In 2005, R. Tyler Croy ported launchd to FreeBSD as part of Google Summer of Code Project. It could not be run as PID 1 (only a session init), and it was not commonly used on that platform.

In 2006, the Ubuntu Linux distribution considered using launchd. The option was rejected because the source code was subject to the Apple Public Source License – described as an "inescapable licence problem". Ubuntu instead developed and switched to its own service management tool, Upstart.

In August 2006, Apple relicensed launchd under the Apache License, Version 2.0 in an effort to make adoption by other open source developers easier.
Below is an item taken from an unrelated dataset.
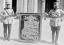 Bannière liturgique d'Etienne le Grand tenue par des militaires roumains à la Sorbonne en 1917.

Most Linux distributions use systemd or Upstart, or continue with init, and the BSDs also continue with init.

In December 2013, R. Tyler Croy announced his intent to resume work on his port of launchd to FreeBSD, and his "openlaunchd" GitHub repo subsequently rose in activity.

The last Wayback Machine capture of the Mac OS Forge area for launchd was in June 2012, and the most recent open source version from Apple was 842.92.1 in code for OS X 10.9.5.

In 2014, with OS X 10.10 and iOS 8, Apple moved code for launchd to closed source libxpc.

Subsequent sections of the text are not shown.